#### Dataset excerpts
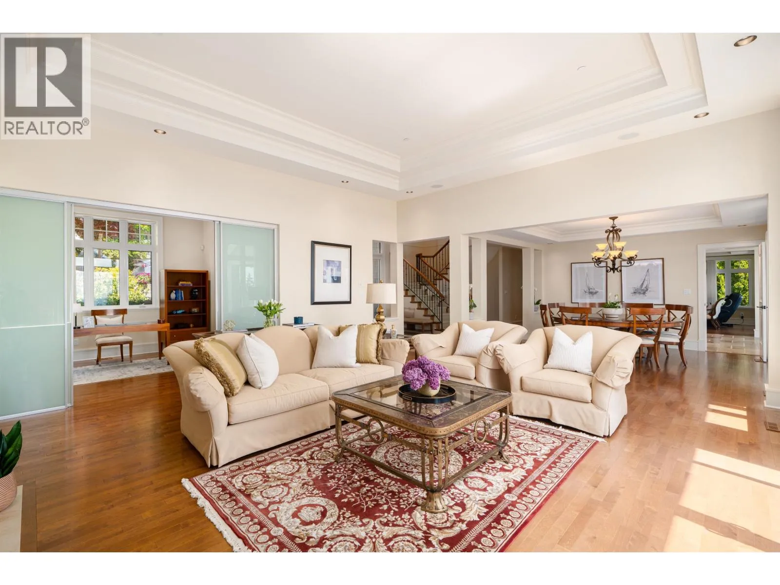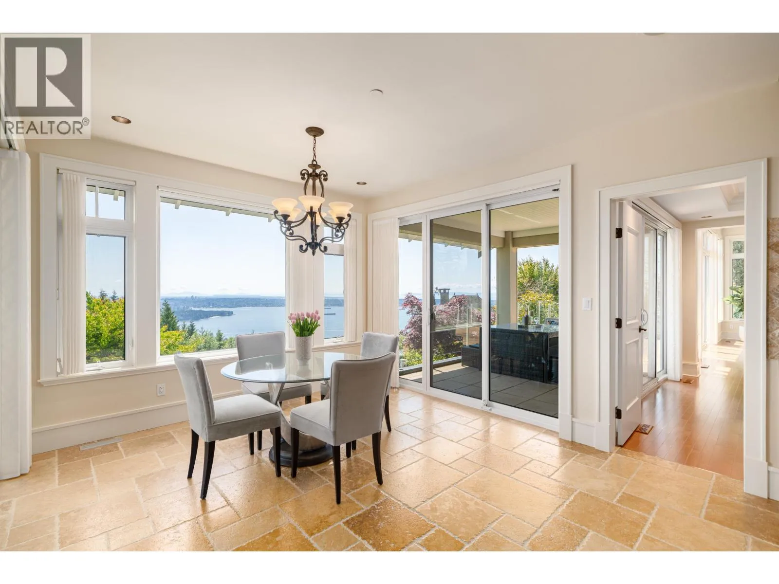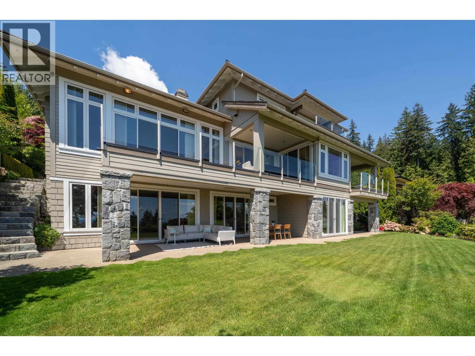 Perched in a prime Whitby Estates cul-de-sac, this beautifully maintained custom-built home offers unobstructed panoramic ocean, city and Lions Gate Bridge views from all 3 levels. Features include a heated driveway, home office, spacious recreation/media room, security system, built-in vacuum, sound system, and top-tier Viking & Wolf appliances.The upper level showcases a grand primary suite with spa-like ensuite, while the lower level offers 3 ensuite bdrooms, perfect for family and guests. Multiple patios and balconies invite you to enjoy breathtaking sunsets & city lights year-round. Ideally located minutes to Collingwood, Mulgrave, and within the sought-after Chartwell Elementary and Sentinel Secondary catchments.Quiet, private, and offering truet West Van luxury living at its finest! (id:27476)
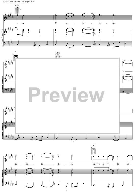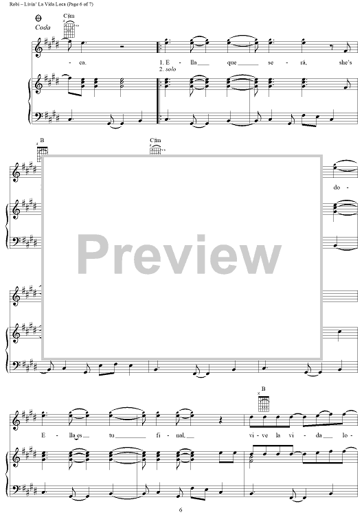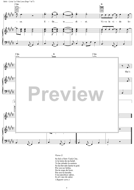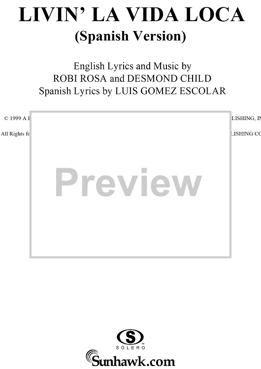 "Livin' La Vida Loca (Spanish Version)" Sheet Music by Ricky Martin
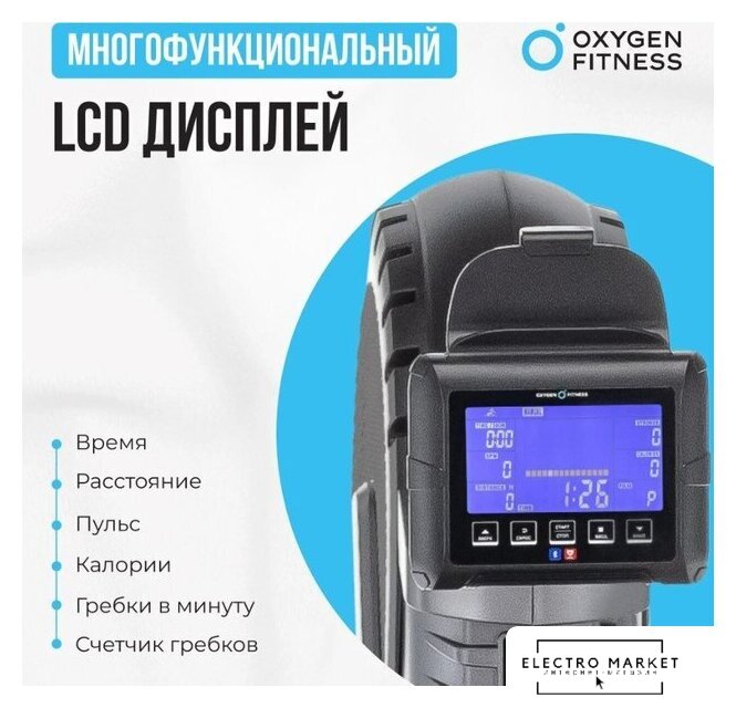 Показания на дисплее | время, калории, расстояние, количество гребков в минуту, счетчик гребков, пульс |
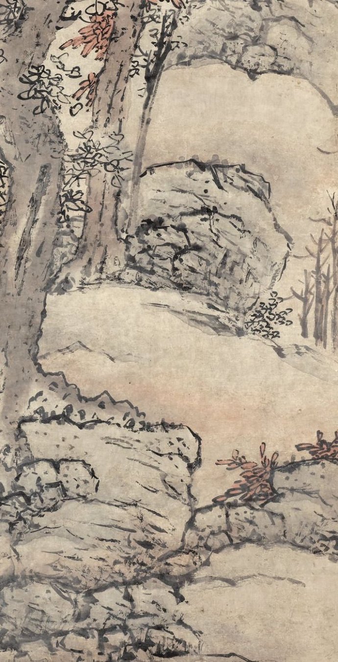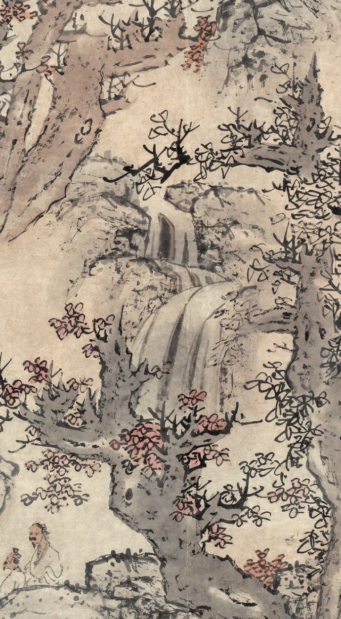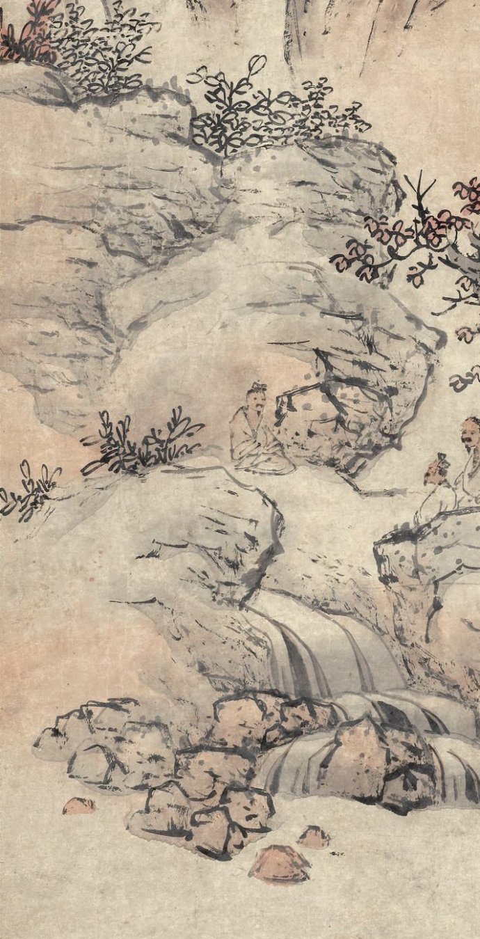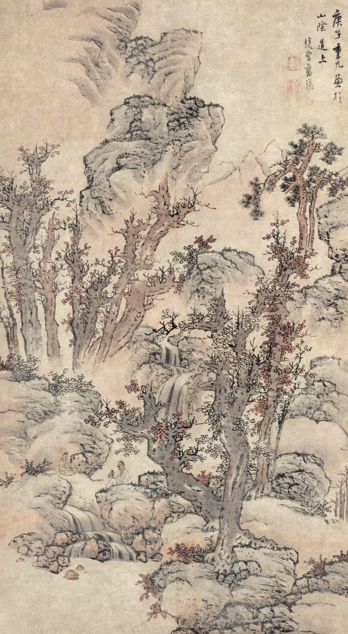 蓝瑛《秋山清话图》,立轴,设色纸本,尺寸:148.5×81.5 cm,约10.9平尺。庚子(1660年)年作。题识:庚子重九,画于山阴道上。蜨叟蓝瑛。钤印:蓝瑛之印、田叔。
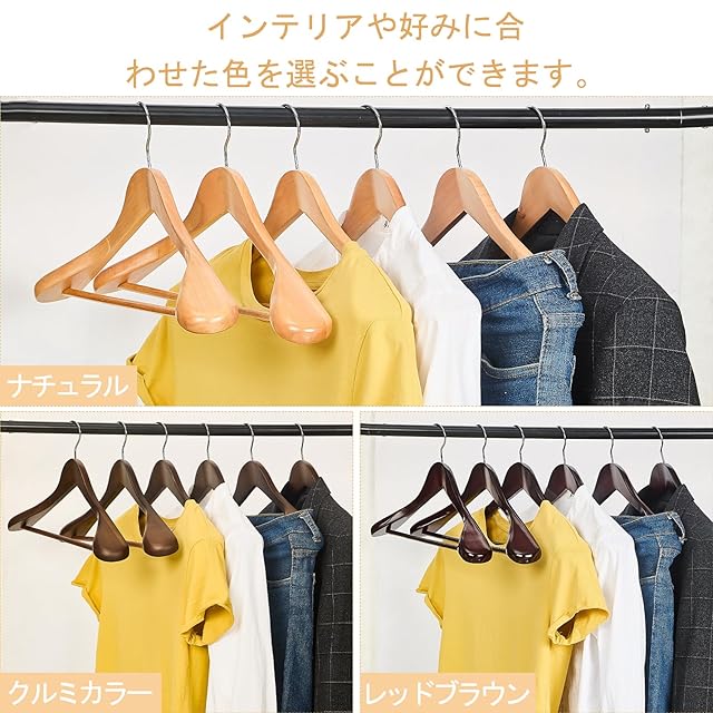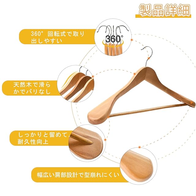 夢の家木製ハンガーセット バー付き 洋服 スーツ コート用ハンガー スーツハンガー 360度回転 クローゼット
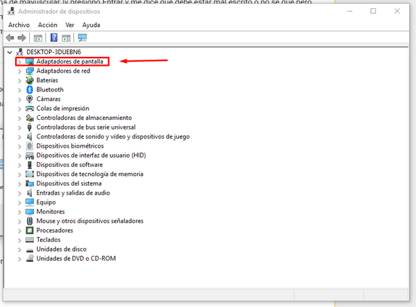 -Haz clic en la flecha al lado de Adaptadores de pantalla para expandir.
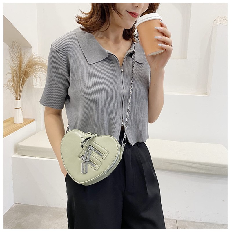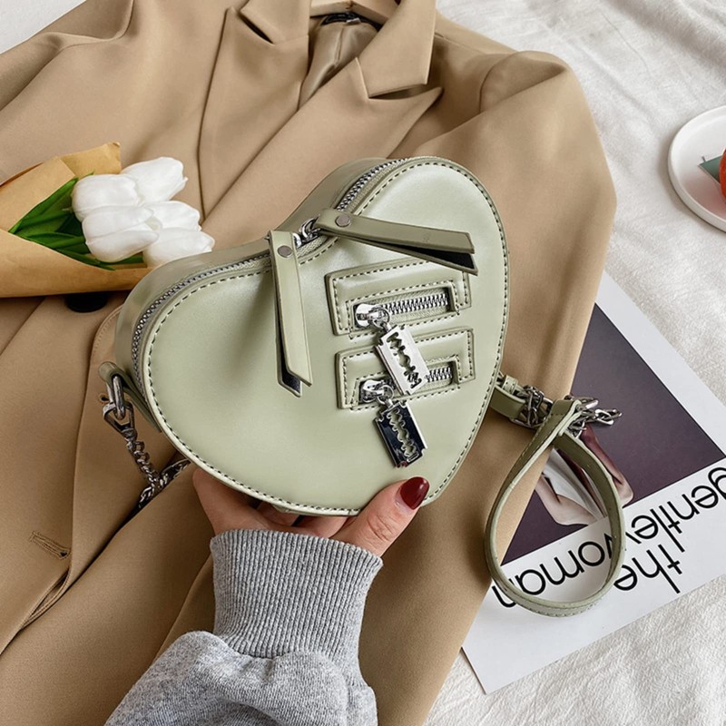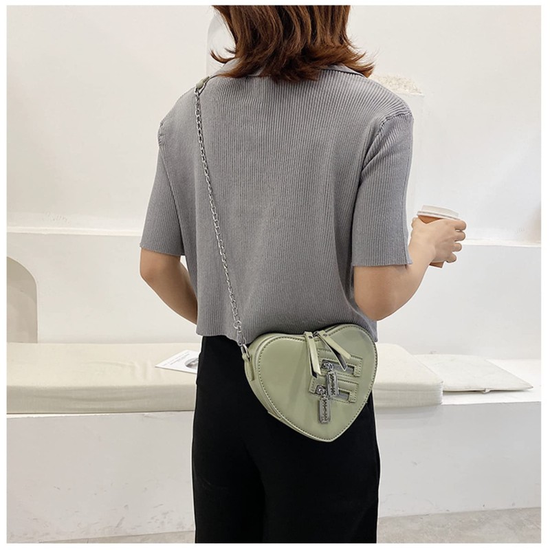 Y2K Heart Shape Gothic Purse Chain Shoulder Bag Kawaii Emo Grunge Old Aesthetic Cute Dark Academy, Green, Classic

#### Work instruction
Give back the listing exactly, with the pictures removed.

#### Written response
 Perched in a prime Whitby Estates cul-de-sac, this beautifully maintained custom-built home offers unobstructed panoramic ocean, city and Lions Gate Bridge views from all 3 levels. Features include a heated driveway, home office, spacious recreation/media room, security system, built-in vacuum, sound system, and top-tier Viking & Wolf appliances.The upper level showcases a grand primary suite with spa-like ensuite, while the lower level offers 3 ensuite bdrooms, perfect for family and guests. Multiple patios and balconies invite you to enjoy breathtaking sunsets & city lights year-round. Ideally located minutes to Collingwood, Mulgrave, and within the sought-after Chartwell Elementary and Sentinel Secondary catchments.Quiet, private, and offering truet West Van luxury living at its finest! (id:27476)
 "Livin' La Vida Loca (Spanish Version)" Sheet Music by Ricky Martin
 Показания на дисплее | время, калории, расстояние, количество гребков в минуту, счетчик гребков, пульс |
 蓝瑛《秋山清话图》,立轴,设色纸本,尺寸:148.5×81.5 cm,约10.9平尺。庚子(1660年)年作。题识:庚子重九,画于山阴道上。蜨叟蓝瑛。钤印:蓝瑛之印、田叔。
 夢の家木製ハンガーセット バー付き 洋服 スーツ コート用ハンガー スーツハンガー 360度回転 クローゼット
 -Haz clic en la flecha al lado de Adaptadores de pantalla para expandir.
 Y2K Heart Shape Gothic Purse Chain Shoulder Bag Kawaii Emo Grunge Old Aesthetic Cute Dark Academy, Green, Classic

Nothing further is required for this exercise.